### INFORMATION SUPPLIED

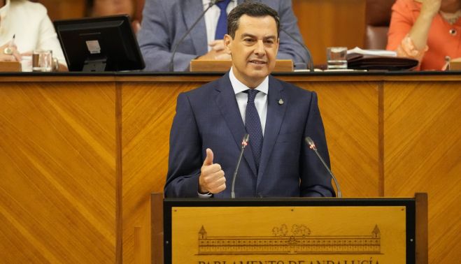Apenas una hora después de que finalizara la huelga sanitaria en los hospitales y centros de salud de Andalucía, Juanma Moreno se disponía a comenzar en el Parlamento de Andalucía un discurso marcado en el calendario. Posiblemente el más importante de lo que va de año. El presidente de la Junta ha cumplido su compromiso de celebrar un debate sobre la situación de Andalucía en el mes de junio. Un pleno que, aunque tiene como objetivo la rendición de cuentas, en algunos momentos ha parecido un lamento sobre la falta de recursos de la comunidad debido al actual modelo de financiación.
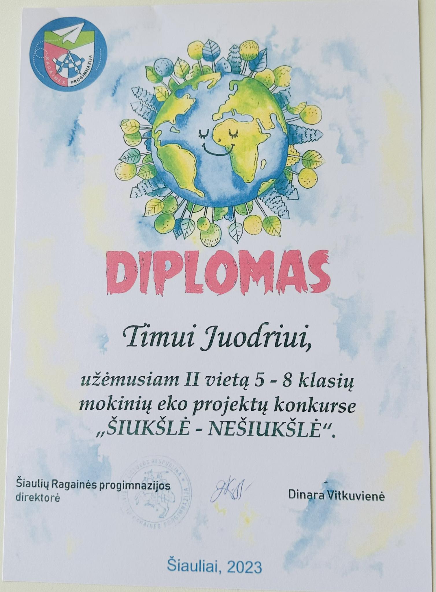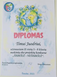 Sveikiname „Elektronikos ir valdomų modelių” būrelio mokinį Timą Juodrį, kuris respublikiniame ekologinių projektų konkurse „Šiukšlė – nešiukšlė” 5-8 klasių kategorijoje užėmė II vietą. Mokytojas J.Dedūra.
--
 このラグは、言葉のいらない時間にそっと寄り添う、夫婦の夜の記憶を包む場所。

### WORK REQUIRED
Your reply is to be an exact repeat of the listing above from the line holding "Apenas una hora" down to the line holding "Sveikiname „Elektronikos ir", ends included, pictures excluded.

### ANSWER TO THIS TASK
Apenas una hora después de que finalizara la huelga sanitaria en los hospitales y centros de salud de Andalucía, Juanma Moreno se disponía a comenzar en el Parlamento de Andalucía un discurso marcado en el calendario. Posiblemente el más importante de lo que va de año. El presidente de la Junta ha cumplido su compromiso de celebrar un debate sobre la situación de Andalucía en el mes de junio. Un pleno que, aunque tiene como objetivo la rendición de cuentas, en algunos momentos ha parecido un lamento sobre la falta de recursos de la comunidad debido al actual modelo de financiación.
 Sveikiname „Elektronikos ir valdomų modelių” būrelio mokinį Timą Juodrį, kuris respublikiniame ekologinių projektų konkurse „Šiukšlė – nešiukšlė” 5-8 klasių kategorijoje užėmė II vietą. Mokytojas J.Dedūra.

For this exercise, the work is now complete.